** WHAT IS REQUIRED **
Your answer should be the records again, unchanged in wording and free of images.

Stored entries:
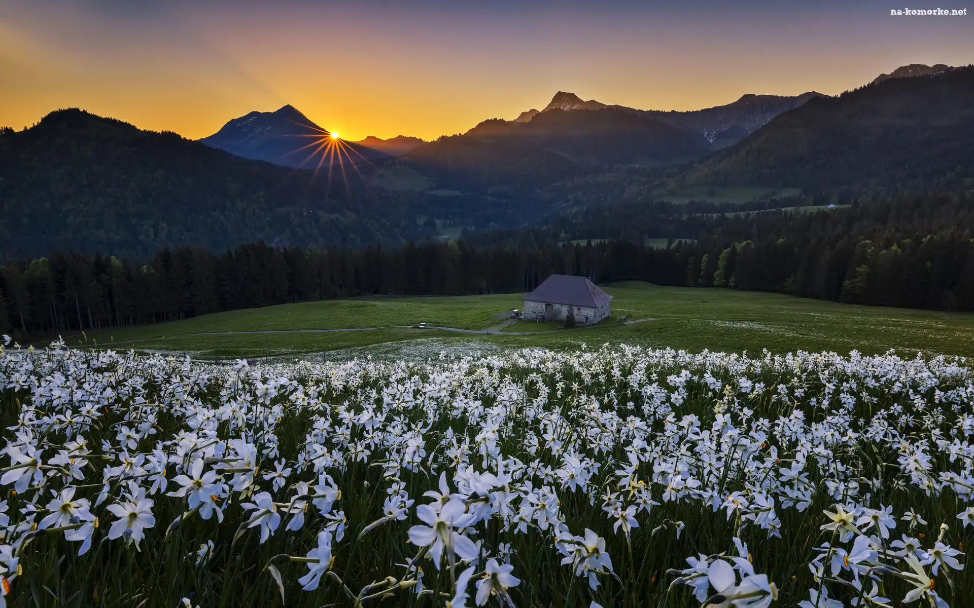 Góry, Las, Narcyzy, Pole, Drzewa, Zachód słońca, Dom, Kwiaty na Komórkę
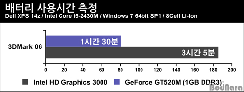 ÁöÆ÷½º GT520MÀ» »ç¿ëÇÒ °æ¿ì ³»Àå ±×·¡ÇÈ¿¡ ºñÇØ ¼ÒºñÀü·ÂÀÌ 30% °¡·® Áõ°¡ÇÏÁö¸¸ ¼º´ÉÀº 2¹è°¡ ³Ñ°Ô Çâ»óµÇ±â ¶§¹®¿¡ °á°úÀûÀ¸·Î Àü·Â´ëºñ ¼º´É¿¡¼´Â ºÐ¸íÇÑ ÀÌÁ¡À» °®´Â °Íµµ »ç½ÇÀÌ´Ù. ¹°·Ð NVIDIA ¿ÉƼ¸Ó½º¸¦ ÅëÇØ ÀÚµ¿À¸·Î »óȲ¿¡ ¸ÂÃç ±×·¡ÇÈÀ» ÀüÈ¯ÇØÁֱ⠶§¹®¿¡ ´õ¿í Çâ»óµÈ Àü·Â È¿À²À» Á¦°øÇÒ ¼ö ÀÖ´Â °Íµµ ÀåÁ¡À̶ó°í ÇÒ ¼ö ÀÖ´Ù.
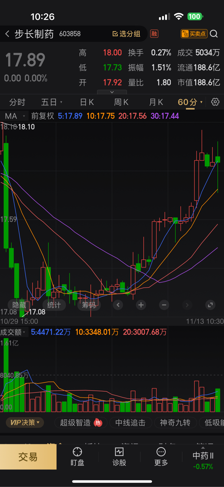 $步长制药(SH603858)$ 60分钟k线多头排列向上分散,短线继续向上
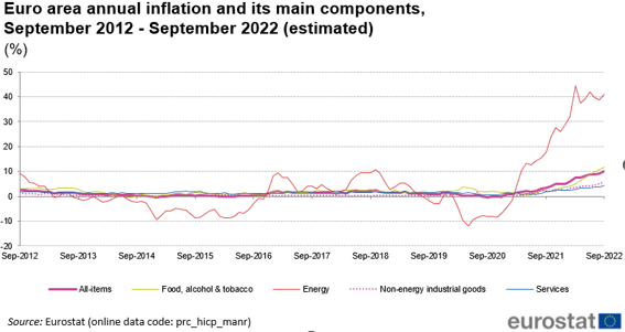 Costul energiei a fost un motor al inflației, în zona Euro prima estimare fiind de creștere de la 9,1% la 10% în luna septembrie.
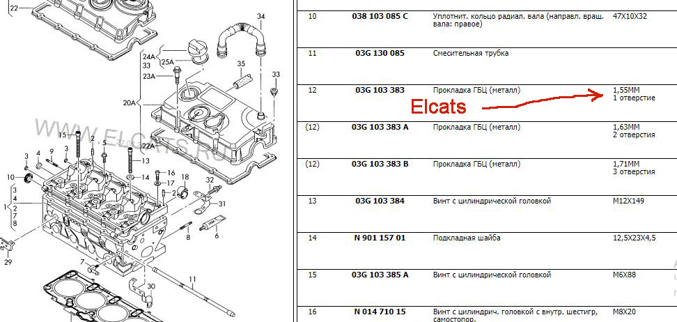 А в чем противоречия?! По Эльзе написано с выступом от 1.01 до 1.1 мм ставить с двумя отверстиями, в элькатс указаны 3 прокладки на выбор — с одним отверстием имеет толщину 1.55, с двумя — толщину 1.63, с тремя — 1.71! Где в элькатс написано что вам нужна с одним отверстием?
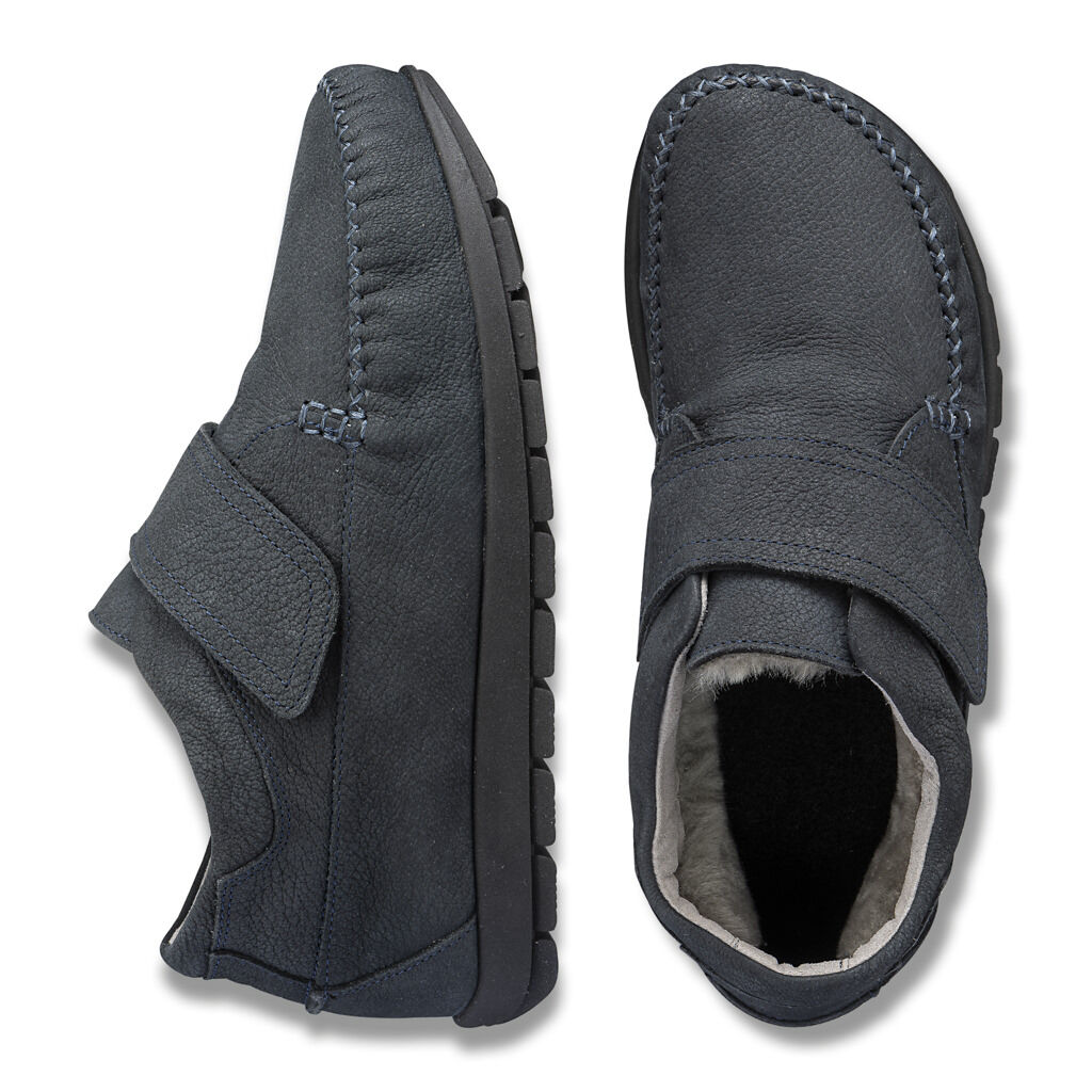 Ručně šité kožené mokasíny s podšívkou z beránčí kožešiny, variabilně nastavitelné díky suchému zipu. Lehká podrážka Rollover se zateplenou vyměnitelnou stélkou.
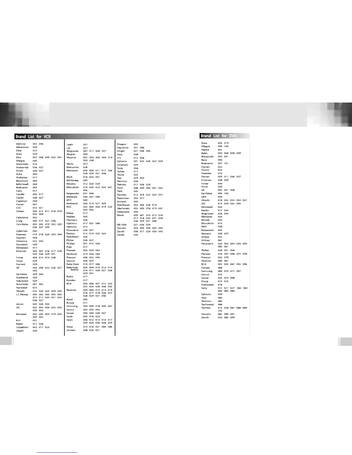 Brand List for TV
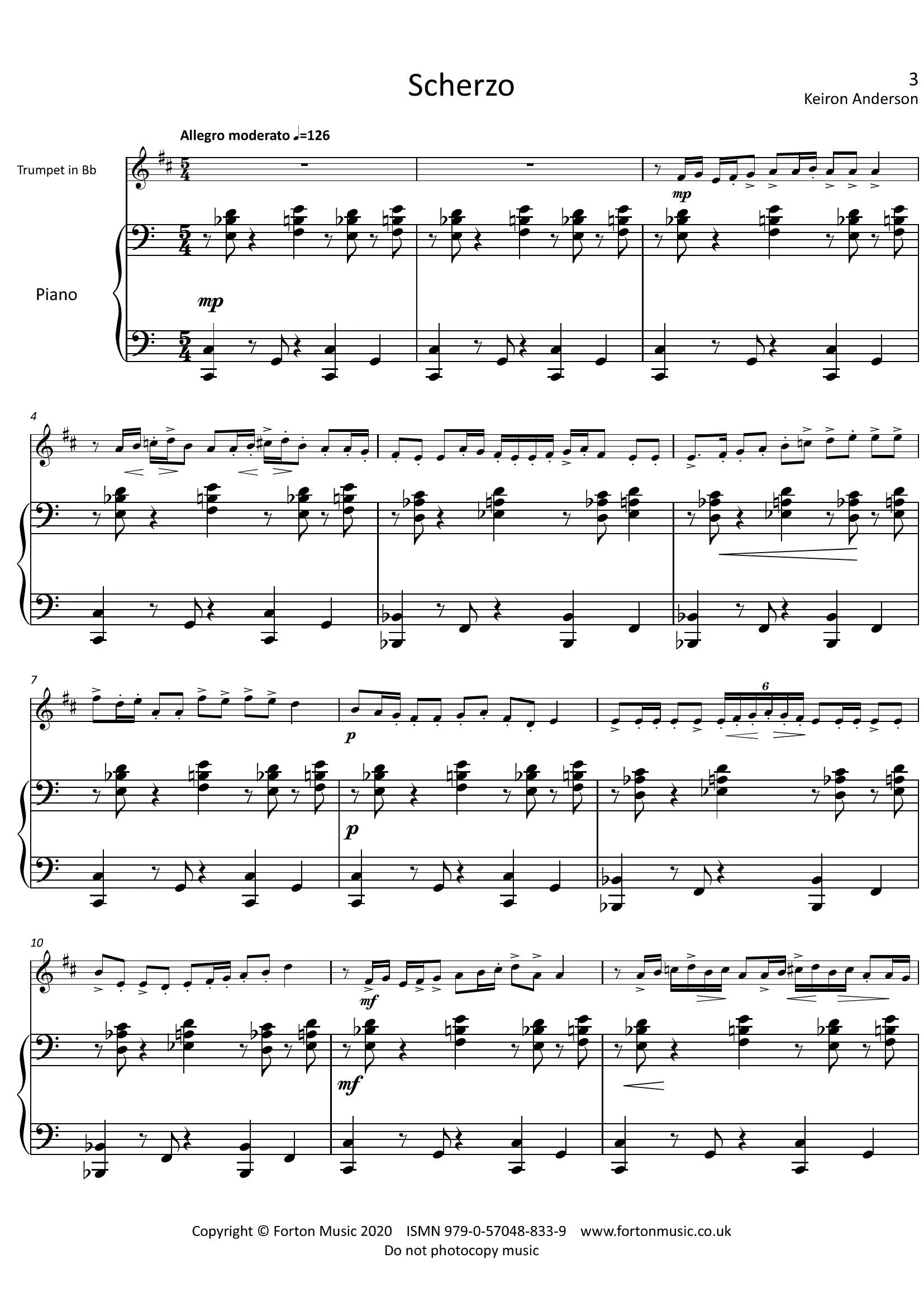This piece was written for a talented player to perform at a college audition. He had many talents but tended to compromise his performance to make sure he had the stamina to reach the rather typical “high note at the end”. I needed a piece which could show his skills and musicality with an ending that broke with the tradition of soaring high endings. This is in a complex time signature but feels natural and has many skill requirements unrelated to pure stamina.
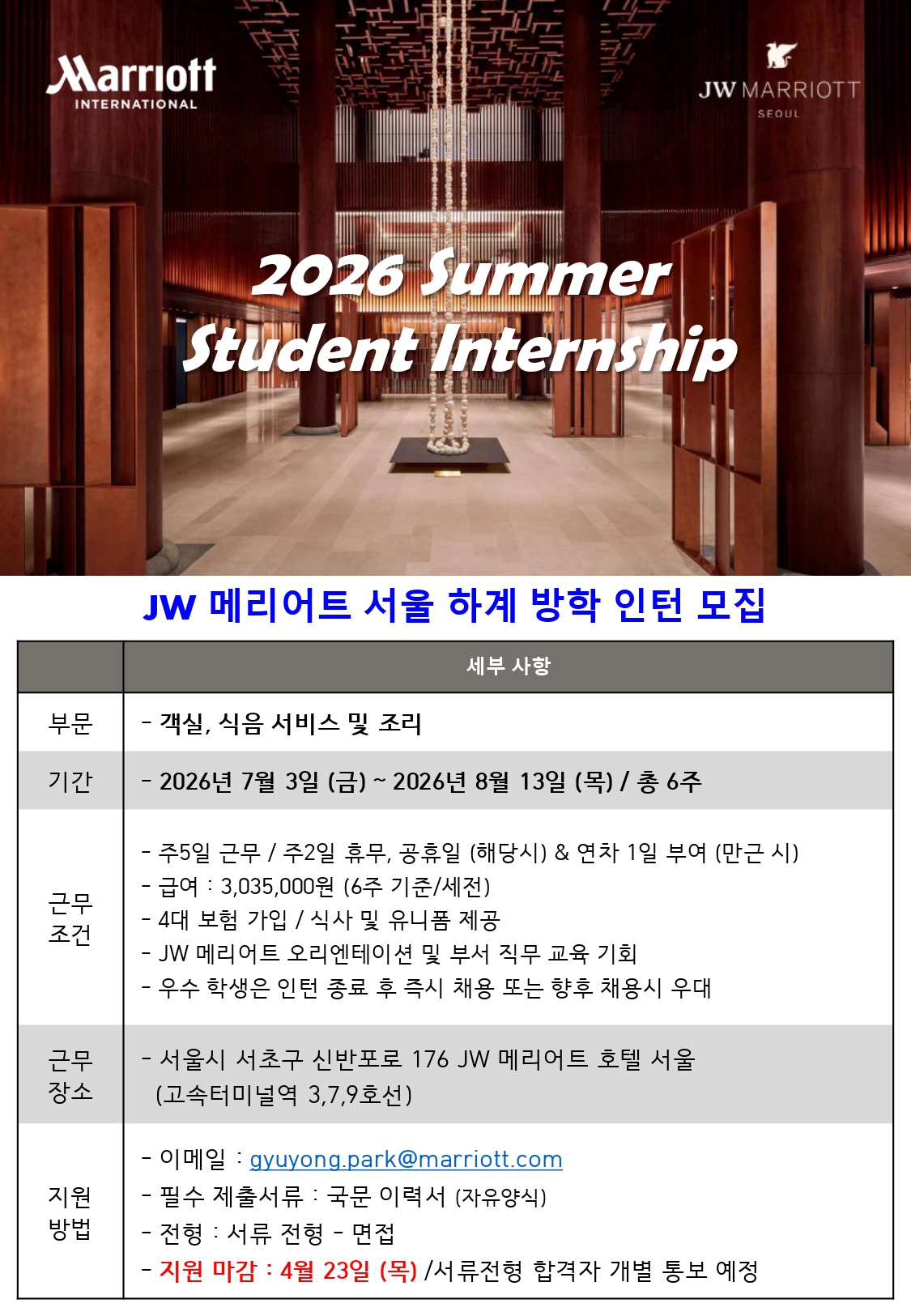 취업정보 채용정보 취업현황 채용정보Home취업정보채용정보 JW 메리어트 서울 하계 방학 인턴 모집 안내 작성자 : 학과관리자 | 작성일 : 2026.04.10 | 조회수 : 183 첨부파일 2026 JW 메리어트 서울 하계 방학 인턴 모집 안내문_page-0001.jpg 목록 이전글 2026년 파라다이스 호텔 부산 하계실습 모집 공고 안내 다음글 조선호텔 & 리조트 현장실습학기제 안내
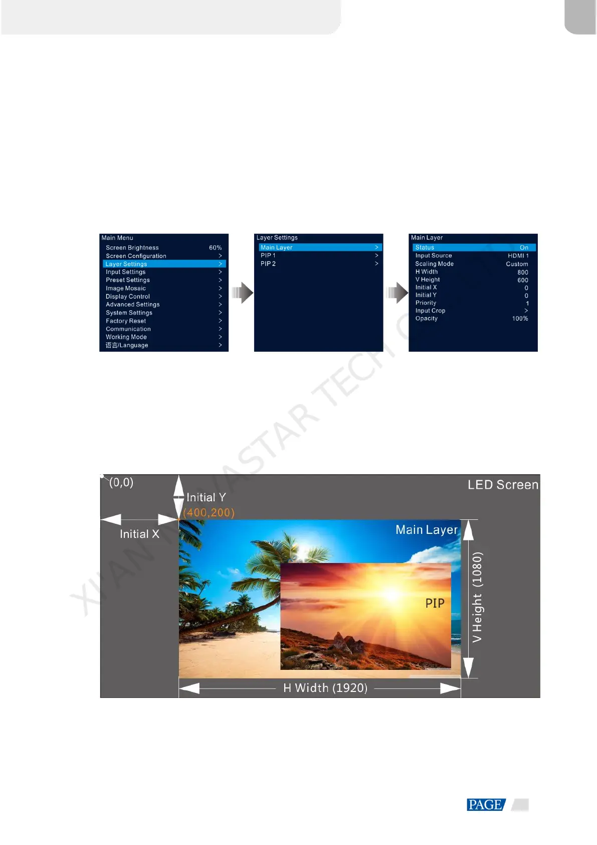 Step 3 Rotate the knob to select Main Layer, PIP 1 or PIP 2 and press the knob to enter the corresponding settings
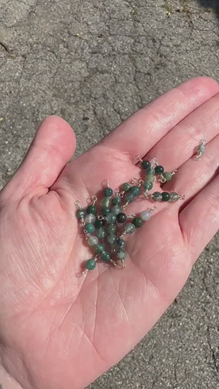 Made with 14k gold filled and Sterling silver wire. Genuine round moss agate stones, 4 mm.
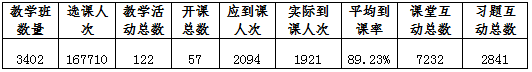 LETOU官网师生在雨课堂平台使用情况,根据大数据统计,由此查看本周教学班数量、教学活动总、开课总数、应到课人次、实际到课人次、课堂互动总数、平均到课率、习题互动总数,详情见下表:
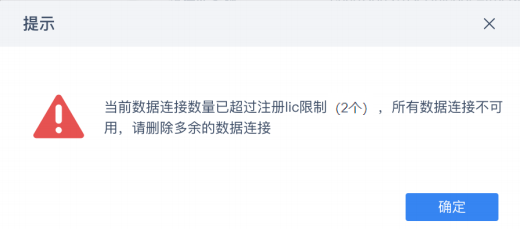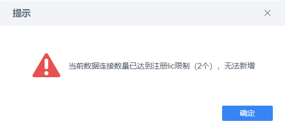 1)用户新增数据连接时报错「当前数据连接数量已达到注册lic限制(x个),无法新增」。如下图所示:

** EXPECTED ANSWER **
 Góry, Las, Narcyzy, Pole, Drzewa, Zachód słońca, Dom, Kwiaty na Komórkę
 ÁöÆ÷½º GT520MÀ» »ç¿ëÇÒ °æ¿ì ³»Àå ±×·¡ÇÈ¿¡ ºñÇØ ¼ÒºñÀü·ÂÀÌ 30% °¡·® Áõ°¡ÇÏÁö¸¸ ¼º´ÉÀº 2¹è°¡ ³Ñ°Ô Çâ»óµÇ±â ¶§¹®¿¡ °á°úÀûÀ¸·Î Àü·Â´ëºñ ¼º´É¿¡¼´Â ºÐ¸íÇÑ ÀÌÁ¡À» °®´Â °Íµµ »ç½ÇÀÌ´Ù. ¹°·Ð NVIDIA ¿ÉƼ¸Ó½º¸¦ ÅëÇØ ÀÚµ¿À¸·Î »óȲ¿¡ ¸ÂÃç ±×·¡ÇÈÀ» ÀüÈ¯ÇØÁֱ⠶§¹®¿¡ ´õ¿í Çâ»óµÈ Àü·Â È¿À²À» Á¦°øÇÒ ¼ö ÀÖ´Â °Íµµ ÀåÁ¡À̶ó°í ÇÒ ¼ö ÀÖ´Ù.
 $步长制药(SH603858)$ 60分钟k线多头排列向上分散,短线继续向上
 Costul energiei a fost un motor al inflației, în zona Euro prima estimare fiind de creștere de la 9,1% la 10% în luna septembrie.
 А в чем противоречия?! По Эльзе написано с выступом от 1.01 до 1.1 мм ставить с двумя отверстиями, в элькатс указаны 3 прокладки на выбор — с одним отверстием имеет толщину 1.55, с двумя — толщину 1.63, с тремя — 1.71! Где в элькатс написано что вам нужна с одним отверстием?
 Ručně šité kožené mokasíny s podšívkou z beránčí kožešiny, variabilně nastavitelné díky suchému zipu. Lehká podrážka Rollover se zateplenou vyměnitelnou stélkou.
 Brand List for TV
This piece was written for a talented player to perform at a college audition. He had many talents but tended to compromise his performance to make sure he had the stamina to reach the rather typical “high note at the end”. I needed a piece which could show his skills and musicality with an ending that broke with the tradition of soaring high endings. This is in a complex time signature but feels natural and has many skill requirements unrelated to pure stamina.
 취업정보 채용정보 취업현황 채용정보Home취업정보채용정보 JW 메리어트 서울 하계 방학 인턴 모집 안내 작성자 : 학과관리자 | 작성일 : 2026.04.10 | 조회수 : 183 첨부파일 2026 JW 메리어트 서울 하계 방학 인턴 모집 안내문_page-0001.jpg 목록 이전글 2026년 파라다이스 호텔 부산 하계실습 모집 공고 안내 다음글 조선호텔 & 리조트 현장실습학기제 안내
 Step 3 Rotate the knob to select Main Layer, PIP 1 or PIP 2 and press the knob to enter the corresponding settings
 Made with 14k gold filled and Sterling silver wire. Genuine round moss agate stones, 4 mm.
 LETOU官网师生在雨课堂平台使用情况,根据大数据统计,由此查看本周教学班数量、教学活动总、开课总数、应到课人次、实际到课人次、课堂互动总数、平均到课率、习题互动总数,详情见下表:
 1)用户新增数据连接时报错「当前数据连接数量已达到注册lic限制(x个),无法新增」。如下图所示:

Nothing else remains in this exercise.